Но он быстро отвлекался от этих мыслей и, на ходу кивнув тестю, поблагодарив тещу Варвару Артемьевну за ужин и поцеловав жену – в нос, ему так нравилось, потому что не обязывало ни к чему, – убегал до поздней ночи на какую-нибудь репетицию капустника в Дом ученых, где стал уже, естественно, членом совета… Если не сидел над статьей для институтского сборника или над очередной главой диссертации – тогда в доме устанавливалась мертвая тишина, тесть газетой не шуршал, а теща прекращала всякую кухонную деятельность, отложив ее на утро.
А с девушками все продолжалось, будто ничего и не поменялось.
…Сергей Григорьевич Кузнецов на этом месте воспоминаний задремал, а проснулся от того, что рядом с ним уселся новый пассажир – прежде место у прохода было свободно.
Глава четвертая
Глава пятая
Но еле… Еле-еле… Еле-еле ощутимый… Еле-еле ощутимый запах барака витал над ним, он это точно знал и не забывал никогда. Запах невозможно было перебить ни одеколоном «В полет», ни даже польским лосьоном после бритья – ничем. И когда время от времени наплывал этот запах, Сергей оглядывался, потому что ему казалось, что кто-то произнес за спиной «гегемон».
Значение этого слова он, конечно, давно знал.
Тут как-то вдруг Сергей Кузнецов женился.
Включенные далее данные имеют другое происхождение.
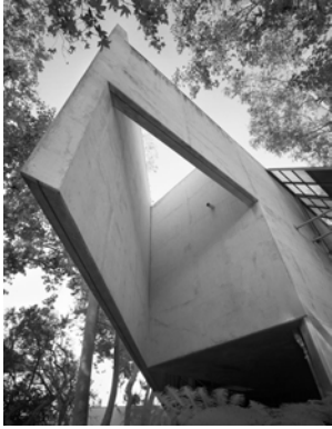
Schoenberg Hall, USC School of Music: HABS documentation, Los Angeles

Жена – звали ее Олей – не принадлежала к числу его многочисленных девушек и вообще была не из тех девушек, которые могли принадлежать к его компании, поскольку жила с родителями в частном доме на краю пригородного поселка, где находился институт. Таких частных домов, без газа и с водой из общей колонки, в поселке оставалось уже немного. Их владельцев и жильцов понемногу переселяли в многоквартирные, четырехэтажные, двух чередовавшихся вдоль улицы цветов – буро-красного и буро-желтого. Остававшихся в частных домах называли «местными», а уже переселенных – «институтскими», хотя и те и другие были местные уроженцы, работавшие в институте на незначительных технических должностях. А приезжие – в основном уже упомянутые академики – жили в спрятанных между деревьями огромного лесопарка коттеджах на четыре или две семьи. Обитателей коттеджей так и называли, «академиками». Ну и рядом с главным корпусом института стояли три шестиэтажных серых дома без балконов и со странно маленькими окнами – общежития. Все, кто наполнял эти тюремно-казарменного вида строения, независимо от их истинного научного и социального положения, назывались «студентами». Вот в «студентах» ходил и молодой доцент Кузнецов, а знакомых среди «местных» у него почти не было, как и у большинства людей его круга.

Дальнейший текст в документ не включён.